On the x86 and AMD-64, the stack is used for parameters, return addresses, local variables, etc. The IA-64 circumvents much of this stack usage by taking advantage of its numerous registers (a topic unto itself!). For example, someone recently asked us about debugging a stack overflow they were seeing - by the time we explained what was happening they said "never mind, my disk is now so full that SR (the system restore filter driver) has stopped doing anything so I am not stack overflowing." What we found when looking at the stack usage was that the developer had coded large character arrays out of stack space! With several re-entrant calls he quickly exhausted the stack and the system crashed.
Normally, the manifestation of a stack overflow is an UNEXPECTED_KERNEL_MODE_TRAP error (0x7F) and the first parameter is 0x8 (a "double fault"). Typically the instruction will be something innocuous, such as "push esi" or other stack manipulation, although once in a while we’ve seen memory references cause this (something like "mov [ebp-0x3c], eax") because a field in a stack-based data structure is being set. In either case, it causes a page fault. The page fault handler in the CPU attempts to push the CS, EFLAGS and EIP value onto the stack, but since the stack is not valid it causes the double fault handler to be invoked. Trips through the double fault handler on Windows are one-way - they always result in a termination of the OS (the "blue screen of death") so of course it is best programming practice to try and ensure they don’t happen.
Basically, there are two different mechanisms that we can use in the kernel environment in order to eliminate stack overflow conditions:
In the balance of this article we will discuss both of these techniques and provide some basic guidance on how to implement these techniques in your driver.
Minimizing Stack Usage
The most important technique for minimizing stack utilization is to use the kernel memory allocation functions for anything large, with the most likely candidates being data structures and character buffers.
The simplest way to achieve this is to simply use ExAllocatePoolWithTag.
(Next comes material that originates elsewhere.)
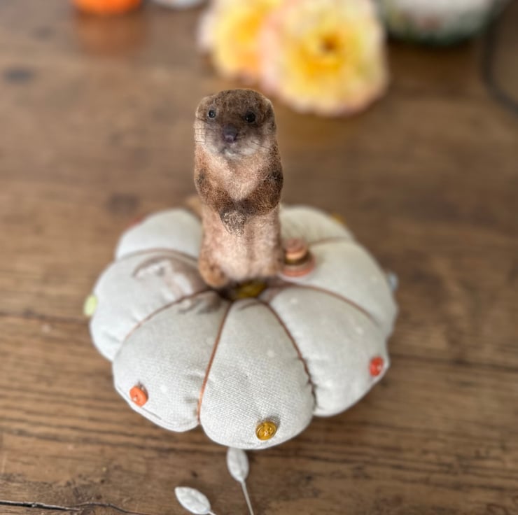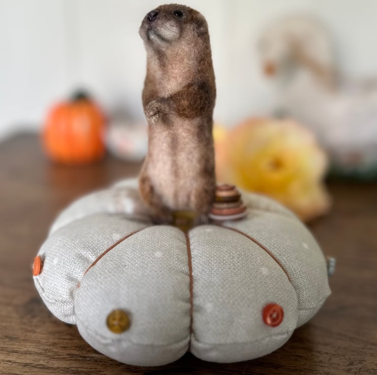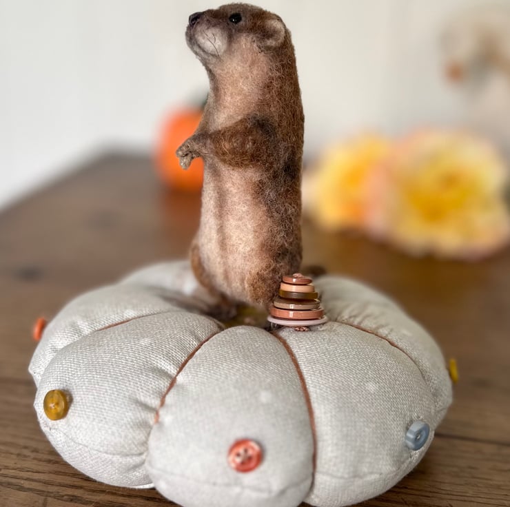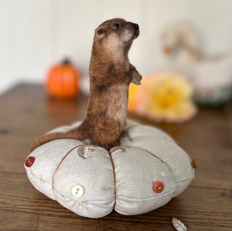 The otter is needle felted from Shetland and Corriedale sheep fleece with hand sculpted beeswax nose, feet and tiny horse hair whiskers. He is standing on the fabric pincushion which he is permanently attached to.

It is simple but does require that you ensure your code always frees the memory prior to exiting the function (or, in the worst case, prior to unloading your driver). One trick for ensuring that you always free the memory is to wrap the code within your function using the __try/__finally operation(s). This ensures that all exit paths within the __try block must always execute the code within the __finally block. The only downside to this is that (of course) this uses additional stack space itself (since the termination block is stored on the stack). While this will ensure that you do not leak memory, you can also do so through carefully testing and checking your code. This might be necessary in extreme cases where the stack utilization must be minimized as much as possible.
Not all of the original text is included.